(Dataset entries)
════

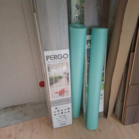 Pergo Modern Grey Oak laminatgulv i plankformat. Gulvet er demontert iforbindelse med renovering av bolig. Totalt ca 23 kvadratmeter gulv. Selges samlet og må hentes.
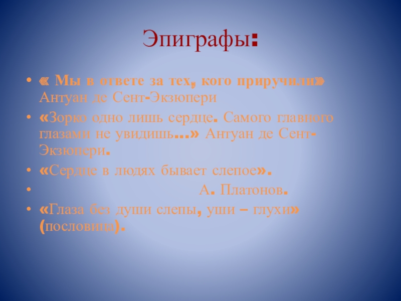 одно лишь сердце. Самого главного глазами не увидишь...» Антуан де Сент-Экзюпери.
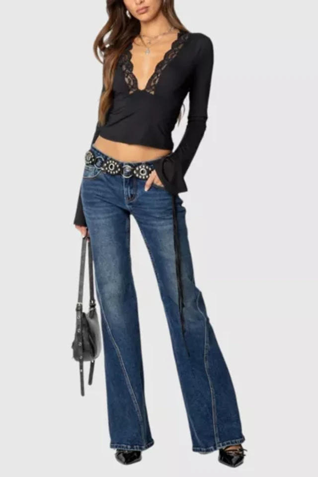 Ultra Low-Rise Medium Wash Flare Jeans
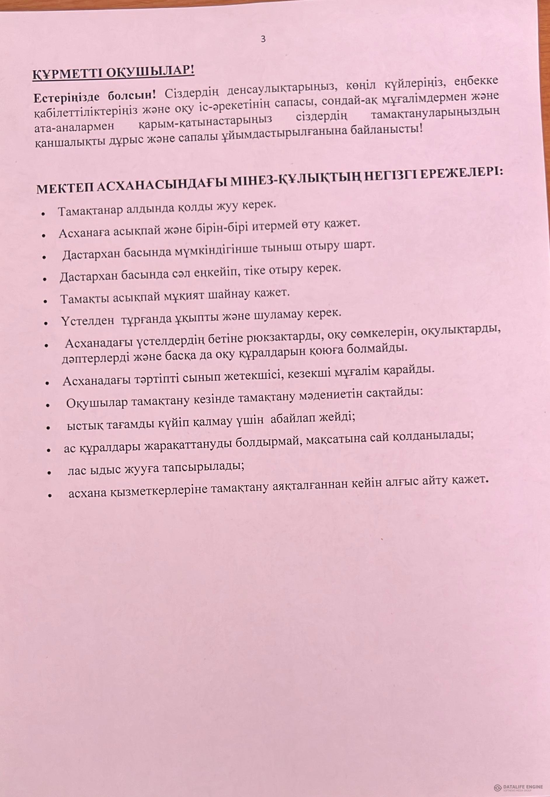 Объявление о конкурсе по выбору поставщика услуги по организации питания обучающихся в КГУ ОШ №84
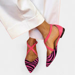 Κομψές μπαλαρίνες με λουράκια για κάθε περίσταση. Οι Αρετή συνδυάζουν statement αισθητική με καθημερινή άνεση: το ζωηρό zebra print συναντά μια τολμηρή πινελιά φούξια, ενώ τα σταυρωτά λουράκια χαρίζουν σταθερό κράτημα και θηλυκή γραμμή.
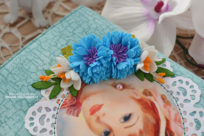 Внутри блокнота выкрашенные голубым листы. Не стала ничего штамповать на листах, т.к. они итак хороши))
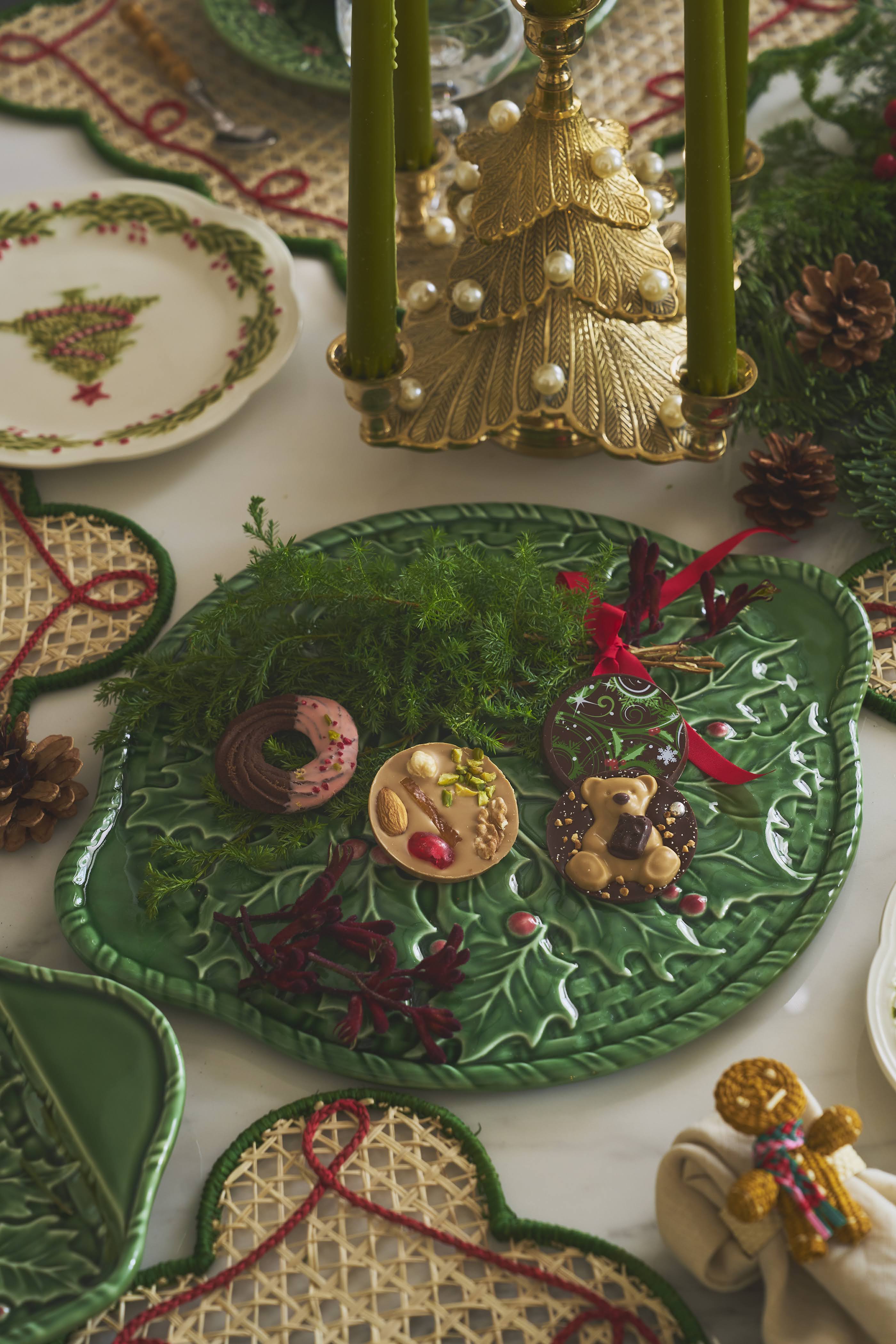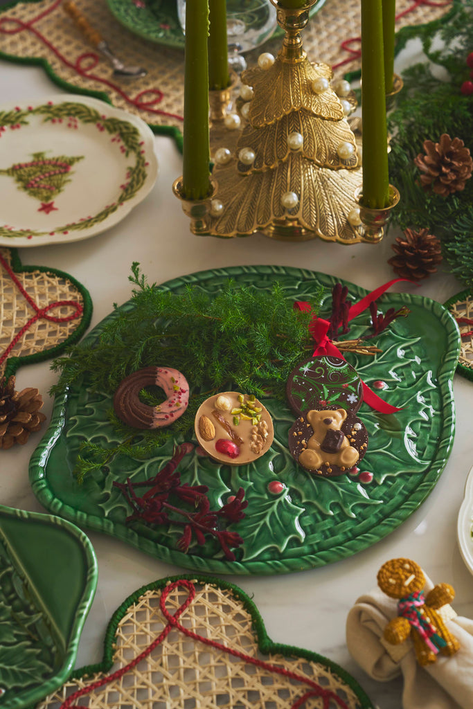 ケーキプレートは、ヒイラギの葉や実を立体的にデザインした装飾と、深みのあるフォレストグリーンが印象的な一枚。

════

**Assignment**
Without the pictures, repeat all the records word for word.

**Response area**
 Pergo Modern Grey Oak laminatgulv i plankformat. Gulvet er demontert iforbindelse med renovering av bolig. Totalt ca 23 kvadratmeter gulv. Selges samlet og må hentes.
 одно лишь сердце. Самого главного глазами не увидишь...» Антуан де Сент-Экзюпери.
 Ultra Low-Rise Medium Wash Flare Jeans
 Объявление о конкурсе по выбору поставщика услуги по организации питания обучающихся в КГУ ОШ №84
 Κομψές μπαλαρίνες με λουράκια για κάθε περίσταση. Οι Αρετή συνδυάζουν statement αισθητική με καθημερινή άνεση: το ζωηρό zebra print συναντά μια τολμηρή πινελιά φούξια, ενώ τα σταυρωτά λουράκια χαρίζουν σταθερό κράτημα και θηλυκή γραμμή.
 Внутри блокнота выкрашенные голубым листы. Не стала ничего штамповать на листах, т.к. они итак хороши))
 ケーキプレートは、ヒイラギの葉や実を立体的にデザインした装飾と、深みのあるフォレストグリーンが印象的な一枚。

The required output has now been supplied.